Toronto to Rio: Tom Ramshaw’s Olympic dream comes true this week when he sails for Canada

For Tom Ramshaw, representing Canada in the Olympics is more than just a hard-won honour – it’s a secret dream come true.

“When I first started sailing as a kid, my coach told us to write down our goals,” the Finn class sailor says. “Mine was to go to the Olympics, but I didn’t want to say that because it was such a long shot. So I kept it to myself for a long time.”

Growing up in the Beaches, Ramshaw, the son of a keel boat sailor, spent his summers in the junior sailing program at Stony Lake Yacht Club and was racing two-person Laser rigs in regattas around southern Ontario by age 12.

In high school, as Ramshaw’s family moved to Moore Park, the young sailor moved on to single-handed races, training on the windy waters of Kingston, Ont. each summer and winning competitions like the Ontario Gold Cup in 2007.

After briefly pursuing engineering at Queen’s University after high school, Ramshaw’s passion for sailing drove him to leave school and commit to training full-time at the International Sailing Academy in Mexico.

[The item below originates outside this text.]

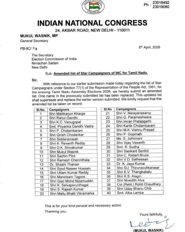Hyderabad: Telangana Chief Minister Revanth Reddy is among the star campaigners appointed by the All India Congress Committee (AICC) for the upcoming Tamil Nadu elections.

Ramshaw sailed Laser professionally from 2010-2015, qualifying for the Canadian National Team in 2012 and competing in regattas around the world before making an abrupt switch to Finn class, a more technical and physical form of sailing than Laser, in August 2015.

Inspired by the challenge of learning a new form of sailing, Ramshaw entered the Finn North American Championship regatta after only three days of training, and won.

“It was a great fresh start,” he says, explaining that after years sailing the same class, the change, although intimidating, felt right.

After training throughout the winter, Ramshaw headed to the ISAF World Cup Miami in January 2016, where he secured the top Canadian spot as a newcomer, surprising his competitors.

“No one knew who I was,” he recalls with a grin. From there, he went on to finish 10th at the 2016 Finn European Championships in Barcelona and 8th in the Finn Gold Cup in Gaeta, Italy — unofficially cinching his Olympic qualification.

Three months later — and only nine months after switching from Laser — Ramshaw was selected to represent Canada at the Rio 2016 Olympics in Finn class sailing.

Now headed for the biggest regatta of his life, Ramshaw is currently down in Rio training with other top Finn sailors who are competing in the Olympics. He feels confident about his chances, believing the strategic skills learned from a lifetime of solo racing will give him an edge.

“Being in Laser for so long and competing against top sailors really helped prepare me,” he says, pointing out that that his rapid success in the last year has proved he has what it takes to earn the gold – which would be a Canadian first.

“Winning would mean so much,” he admits before saying that while his goal is gold, the feeling of achieving his lifelong ambition of being an Olympian is pretty thrilling on its own.

“Racing in the Olympics is the ultimate for any sailor,” he says. “It doesn’t get any better than that.”